2016 war das Versprechen, die Kontrolle über die Grenzen zurückzuerlangen, einer der Hauptgründe für das Brexit-Votum gewesen. Doch die Zahl der irregulär einreisenden Bootsmigranten im Ärmelkanal ist seit dem EU-Austritt angestiegen. Unter Migranten und Anwälten sprach sich schnell herum, dass Grossbritannien ohne Beteiligung am Dublin-System keinerlei Rechtsgrundlage mehr hatte, um bereits in der EU registrierte Asylbewerber nach Kontinentaleuropa zurückzuschicken.
Da die im Juli abgewählte konservative Regierung eine Reduktion der Zahlen versprochen hatte, plante sie gemäss dem Prinzip Hoffnung zu wenig Asylunterkünfte. Als Folge davon mussten Tausende von Asylsuchenden in Hotels untergebracht werden. Das kostete die Steuerzahler 8 Millionen Pfund pro Tag und sorgte bei der Bevölkerung ebenso für Unmut wie der Kontrollverlust am Ärmelkanal. Viele dieser Hotels befinden sich in unterprivilegierten Gegenden, weil dort die Übernachtungskosten günstiger sind.

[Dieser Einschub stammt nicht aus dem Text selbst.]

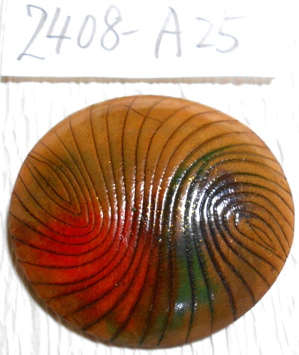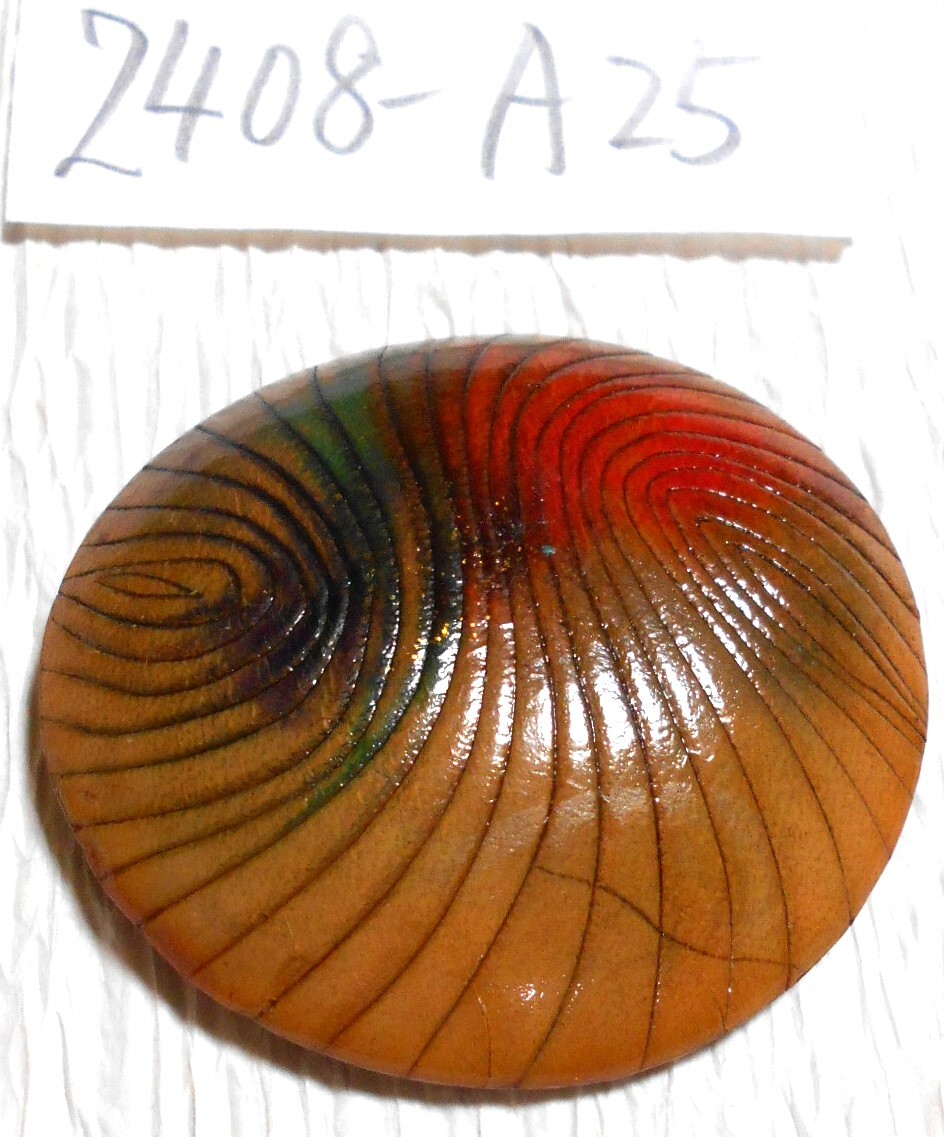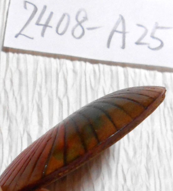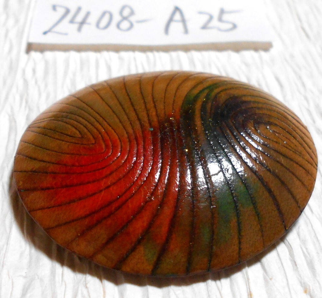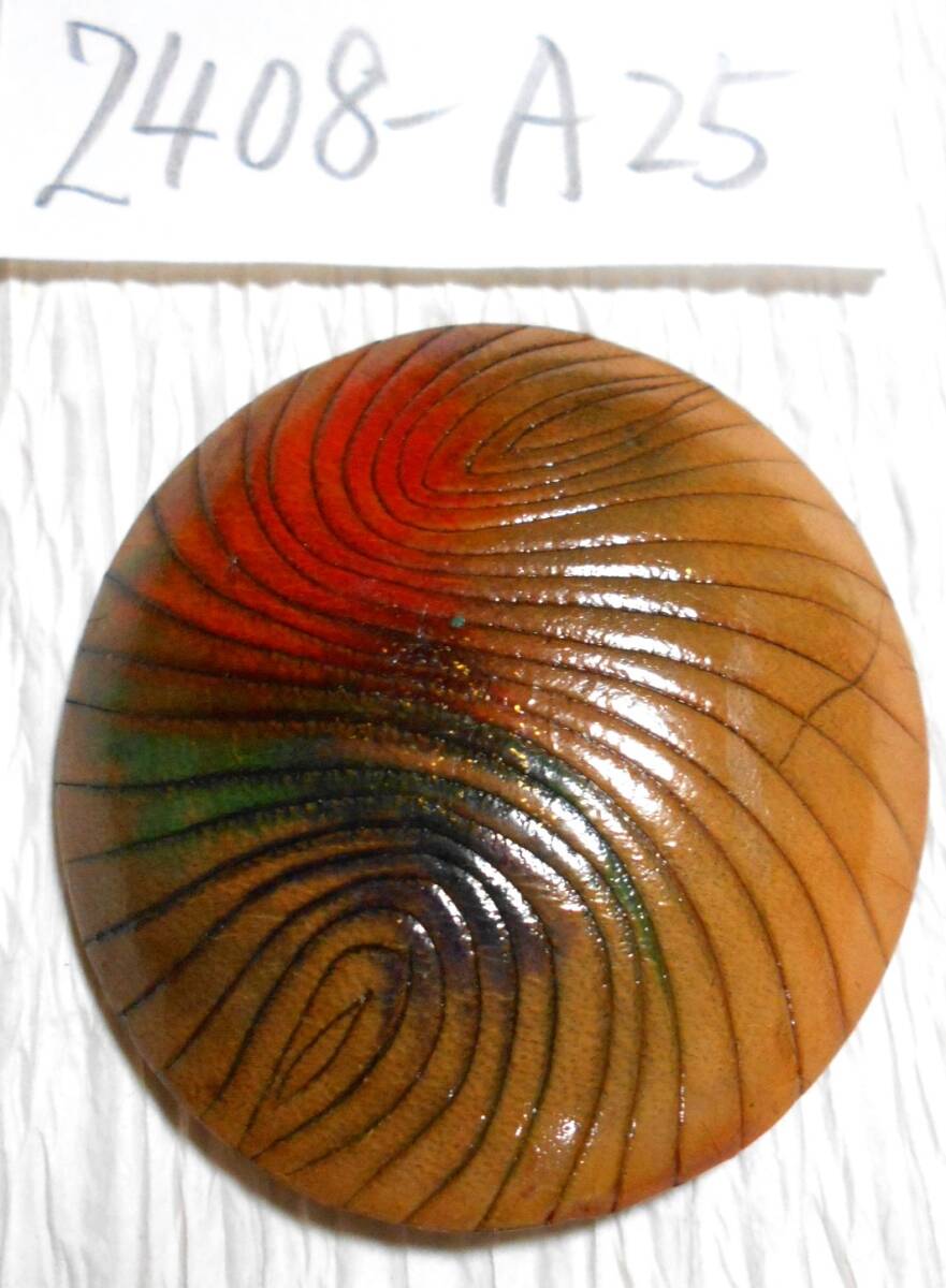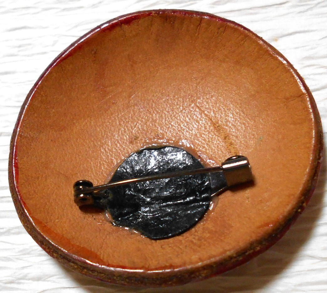 レザークラフト 流水に赤と緑で色刺しされたブローチです。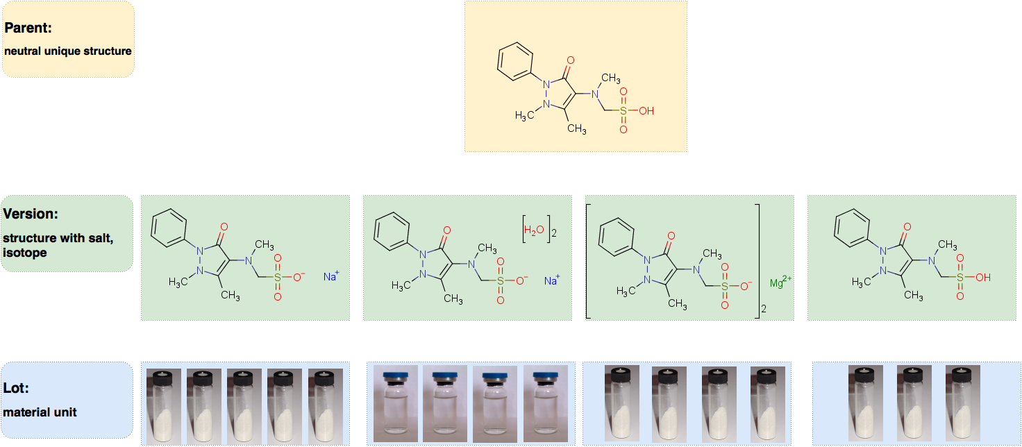 - Version : a molecule (neutral or charged) with its isotope, counter-ion or salt/solvate.

Viel stärker ins Gewicht fällt aber die legale Migration: Im Rekordjahr 2022 kamen knapp 46 000 Bootsmigranten ins Land, während 1,3 Millionen Menschen ganz legal nach Grossbritannien einwanderten. Seit dem Ende der EU-Personenfreizügigkeit hätte Grossbritannien hier alle Steuerungsmöglichkeiten in der Hand. Doch da die Wirtschaft, das Gesundheitswesen und die Universitäten noch immer Ausländer in hoher Zahl ins Land holen können, schlägt die legale Nettozuwanderung alle Rekorde und ist nun doppelt so hoch wie vor dem Brexit-Referendum.
Kein «Burkaverbot»
Der erst seit einem Monat amtierende Starmer hat im Wahlkampf erklärt, die Zuwanderung sei zu hoch. Wie und in welchem Umfang er sie reduzieren will, ist aber völlig offen. Der Premierminister hat angekündigt, alle Hotels für Asylsuchende innert eines Jahres mit anderen Unterkünften zu ersetzen. Politisch nützen dürften ihm überdies die noch von den Tories erlassenen Visa-Verschärfungen, welche die legale Migration bereits dämpfen. Erst eine vage Idee ist derweil Starmers Ausbildungsoffensive, die dazu führen soll, dass vermehrt einheimische Arbeitskräfte die Bedürfnisse der Wirtschaft stillen.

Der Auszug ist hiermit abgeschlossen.